I feel like none of these historical precedents is a perfect match. It might be valuable to think about the ways in which they are similar and different.
To me a central difference, suggested by the word "strategic", is that the goal pursuit should be
By unboundedly ambitious I mean "has an unbounded ambit" (ambit = "the area went about in; the realm of wandering" https://en.wiktionary.org/wiki/ambit#Etymology ), i.e. its goals induce it to pursue unboundedly much control over the world.
By unboundedly general I mean that it's universal for optimization channels. For any given channel through which one could optimize, it can learn or recruit understanding to optimize through that channel.
Humans are in a weird liminal state where we have high-ambition-appropriate things (namely, curiosity), but local changes in pre-theoretic "ambition" (e.g. EA, communism) are usually high-ambition-inappropriate (e.g. divesting from basic science in order to invest in military power or whatever).
I think it's a good comparison, though I do think they're importantly different. Evolution figured out how to make things that figure out how to figure stuff out. So you turn off evolution, and you still have an influx of new ability to figure stuff out, because you have a figure-stuff-out figure-outer. It's harder to get the human to just figure stuff out without also figuring out more about how to figure stuff out, which is my point.
Tsvi appears to take the fact that you can stop gradient-descent without stopping the main operation of the NN to be evidence that the whole setup isn't on a path to produce strong minds.

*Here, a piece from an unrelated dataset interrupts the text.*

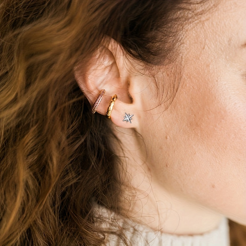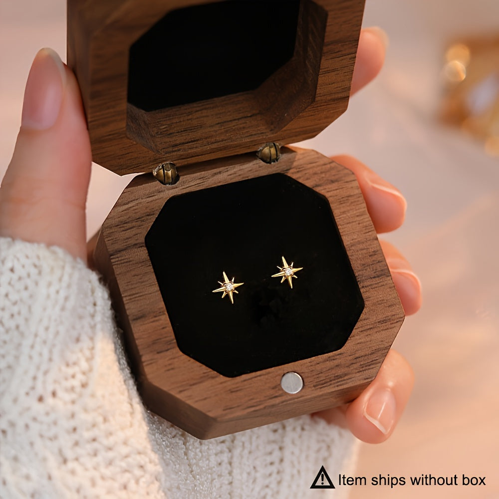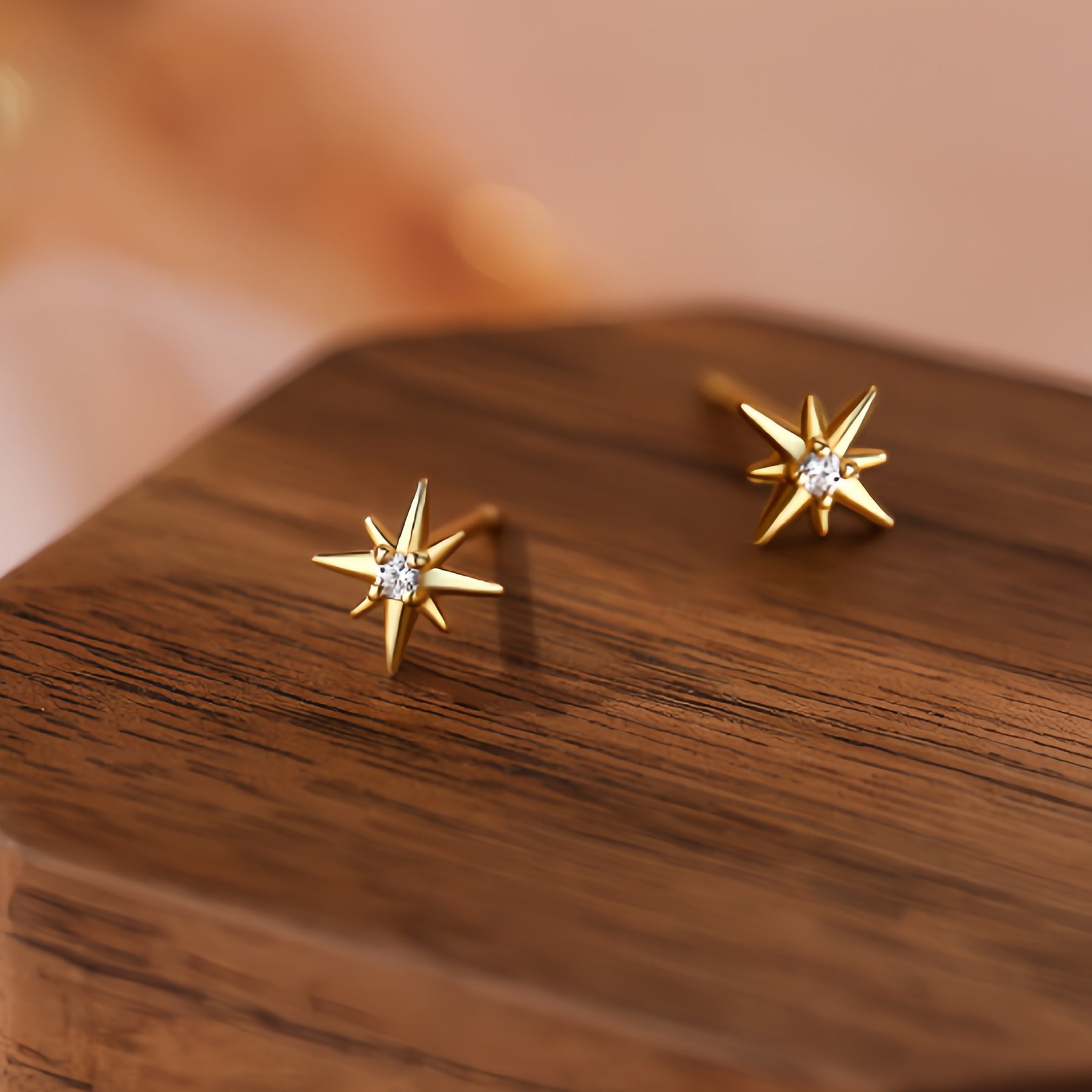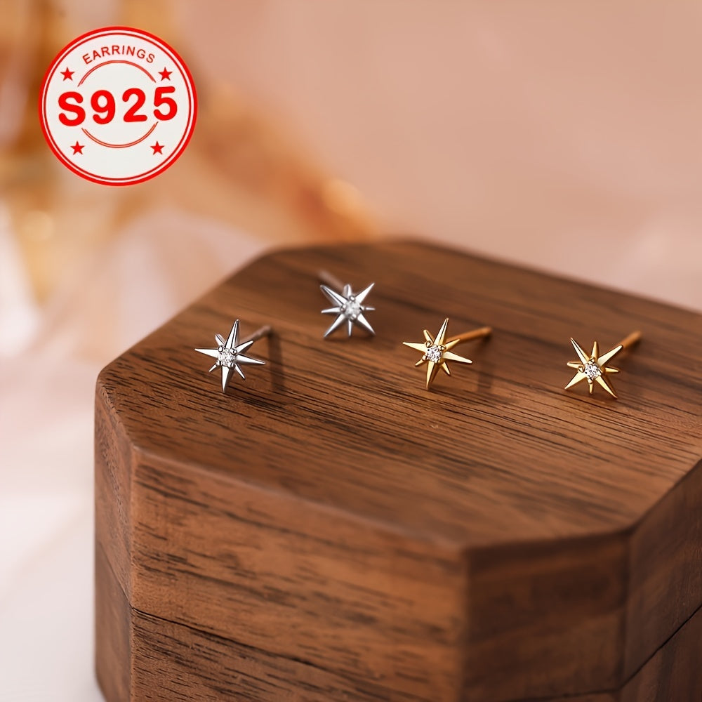 These 925 sterling silver star stud earrings feature synthetic zirconia, perfect for daily wear and as a gift. The hypoallergenic design ensures comfort and style.

(I don't see why it appears that I'm thinking that.) Specialized to NNs, what I'm saying is more like: If/when NNs make strong minds, it will be because the training---the explicit-for-us, distal ex quo---found an NN that has its own internal figure-stuff-out figure-outer, and then the figure-stuff-out figure-outer did a lot of figuring out how to figure stuff out, so the NN ended up with a lot of ability to figure stuff out; but a big chunk of the leading edge of that ability to figure stuff out came from the NN's internal figure-stuff-out figure-outer, not "from the training"; so you can't turn off the NN's figure-stuff-out figure-outer just by pausing training. I'm not saying that the setup can't find an NN-internal figure-stuff-out figure-outer (though I would be surprised if that happens with the exact architectures I'm aware of currently existing).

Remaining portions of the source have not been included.